Task objective> Go through the listing below and retype exactly the lines starting at the one with "Куртка виготовлена з" and ending at the one with "Ergebnis: Lichtschalter EIN, Nix", skipping pictures.

Source data>
━━━

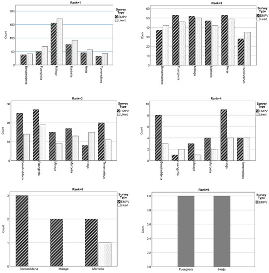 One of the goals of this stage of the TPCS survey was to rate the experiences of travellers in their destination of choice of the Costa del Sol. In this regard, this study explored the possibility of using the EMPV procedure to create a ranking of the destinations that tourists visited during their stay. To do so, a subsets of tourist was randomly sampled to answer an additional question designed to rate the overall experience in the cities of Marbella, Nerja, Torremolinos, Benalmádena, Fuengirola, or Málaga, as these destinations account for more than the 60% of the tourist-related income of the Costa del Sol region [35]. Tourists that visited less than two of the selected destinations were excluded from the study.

━━━

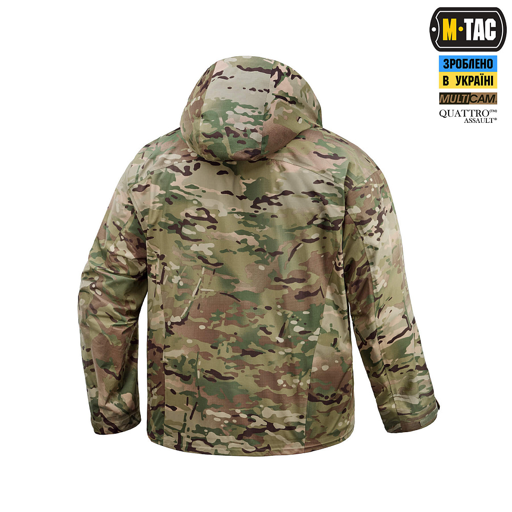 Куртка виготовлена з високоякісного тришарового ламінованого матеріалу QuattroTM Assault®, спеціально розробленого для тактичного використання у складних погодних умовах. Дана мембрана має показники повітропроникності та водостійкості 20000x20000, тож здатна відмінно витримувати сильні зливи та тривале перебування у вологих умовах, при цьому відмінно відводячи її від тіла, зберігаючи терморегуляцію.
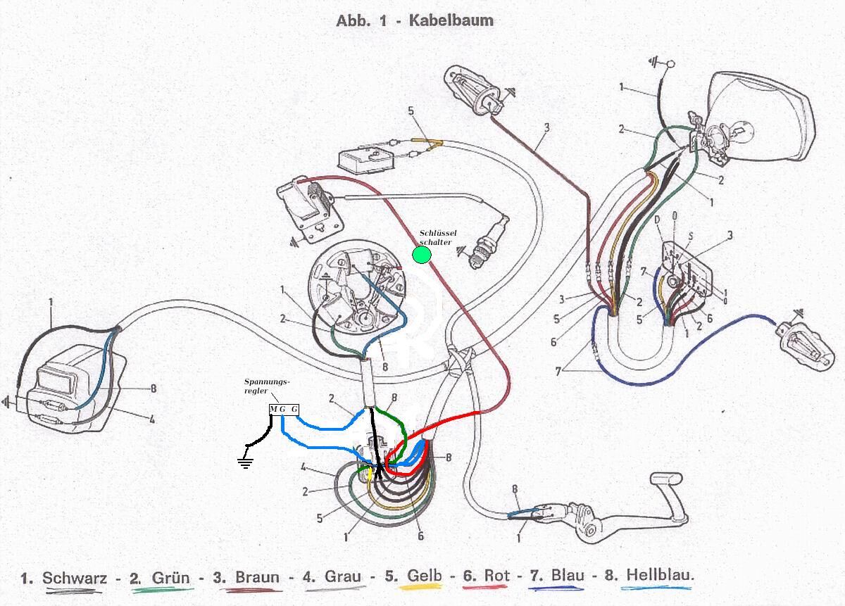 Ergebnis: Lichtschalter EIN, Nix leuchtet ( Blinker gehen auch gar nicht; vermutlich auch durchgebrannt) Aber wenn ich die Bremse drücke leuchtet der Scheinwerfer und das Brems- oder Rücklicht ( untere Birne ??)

━━━

Response area>
 Куртка виготовлена з високоякісного тришарового ламінованого матеріалу QuattroTM Assault®, спеціально розробленого для тактичного використання у складних погодних умовах. Дана мембрана має показники повітропроникності та водостійкості 20000x20000, тож здатна відмінно витримувати сильні зливи та тривале перебування у вологих умовах, при цьому відмінно відводячи її від тіла, зберігаючи терморегуляцію.
 Ergebnis: Lichtschalter EIN, Nix leuchtet ( Blinker gehen auch gar nicht; vermutlich auch durchgebrannt) Aber wenn ich die Bremse drücke leuchtet der Scheinwerfer und das Brems- oder Rücklicht ( untere Birne ??)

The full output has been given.